Tags: #Humor, Relato

¡Qué tiempos nos ha tocado vivir!

En fin, allí iba yo desfilando tan decidido como el que más hacia la Quinta Avenida. De acuerdo con el plan, empecé a examinar las caras de los que se cruzaban conmigo, buscando una conocida que pudiera serme útil. Estaba dispuesto a ser paciente. Sería como buscar oro, pensaba. Como buscar un centelleo de metal precioso en un plato de arena.

Cuando llegué a la esquina de la Quinta Avenida, se dispararon ensordecedoramente mis sistemas de alarma:
«¡Bip, bip, bip!
¡Jonk, jonk, jonk! ¡Rourr, rourr, rourr!»

¡Había hecho una identificación positiva!

El que venía hacia mí era la cáscara del hombre que me había robado a Sarah Wyatt, el hombre a quien yo había hundido en Milnovecientos Cuarentainueve. Aún no me había visto él
a mí
. ¡Era Leland Clewes!

Estaba completamente calvo y llevaba embutidos los pies en unos zapatos rotos, y las vueltas de los pantalones deshilachadas, y el brazo derecho como muerto. En su extremo oscilaba una gastada cartera de muestras. Clewes se había convertido en un vendedor fracasado, como descubriría más tarde, de sobres de cerillas y calendarios con publicidad.

He de decir que en la actualidad es vicepresidente de la sucursal Diamond Match de la RAMJAC Corporation.

Pese a todo lo que le había pasado, mientras avanzaba hacia mí, iluminaba su rostro la buena voluntad adolescente y simplona de siempre. Tenía esa expresión hasta en una fotografía de su entrada en la prisión de Georgia, con el guardián mirándole como solía hacer el ministro del Interior.
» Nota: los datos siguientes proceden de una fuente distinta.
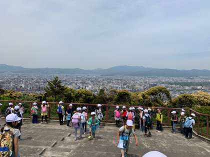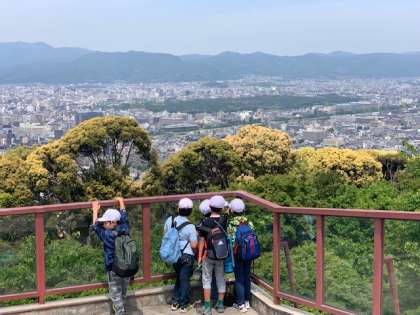 山頂からは京都市が見渡せて,とても気持ち良かったです。3年生の社会の学習では,京都市のことをこれから学習していきます。京都市の街の様子,イメージがつかめたかな。

Cuando Clewes era joven, los hombres mayores que él siempre le miraban como diciendo: «Éste es mi chico.»

¡Y por fin me vio!

El contacto ocular casi me electrocuta. ¡Fue como si me hubiese dado de narices con una farola!

Me crucé con él y seguí caminando. No tenía nada que decirle ni ganas de parar y escuchar todas las cosas terribles que tenía derecho a decirme él.

Sin embargo, cuando llegué a la esquina cambió el semáforo y quedamos separados por coches en marcha; entonces me atreví a volverme y mirarle.

Clewes me miraba también. Era evidente que aún no había dado con un nombre para mí. Señalaba hacia mí con su mano libre, indicando que sabía que yo había figurado de algún modo en su vida. Y luego hizo girar aquel dedo como un metrónomo, repasando posibles nombres para mí. Le resultaba divertido. Tenía los pies separados, las rodillas dobladas y su expresión decía que de momento recordaba sólo que habíamos estado relacionados hacía años en alguna especie de locura, en algún tipo de travesura infantil.

Yo estaba hipnotizado.

Pero quiso la suerte que detrás de él hubiese unos fanáticos religiosos descalzos cantando y bailando ataviados con túnicas color azafrán. Con lo que él parecía el director de una comedia musical.

No es que yo no tuviese mi propio acompañamiento. Me había colocado, sin darme cuenta, entre un hombre anuncio con sus dos tablones y su sombrero de copa, y una viejecita sin hogar que llevaba todas sus pertenencias en bolsas de plástico. Calzaba unos playeros púrpura y rojo enormes. Había tal desproporción entre los playeros y el resto de su persona que parecía un canguro.

Mis dos compañeros de reparto hablaban con los transeúntes. El hombre anuncio estaba diciendo cosas como «Meted a las mujeres otra vez en la cocina» y «Dios nunca quiso que las mujeres fuesen iguales que los hombres», etcétera. La señora de las bolsas de plástico parecía estar insultando a los desconocidos por su obesidad, llamándoles, según oí, «gordos presumidos», y «gordos ricos», y «gordos engreídos», y «gordos» de un centenar de variedades más.

El problema era éste: yo llevaba tanto tiempo fuera de Cambridge, Massachusetts, que no podía percibir ya que la mujer llamaba «gordos» a los transeúntes con el acento de la clase obrera de Cambridge.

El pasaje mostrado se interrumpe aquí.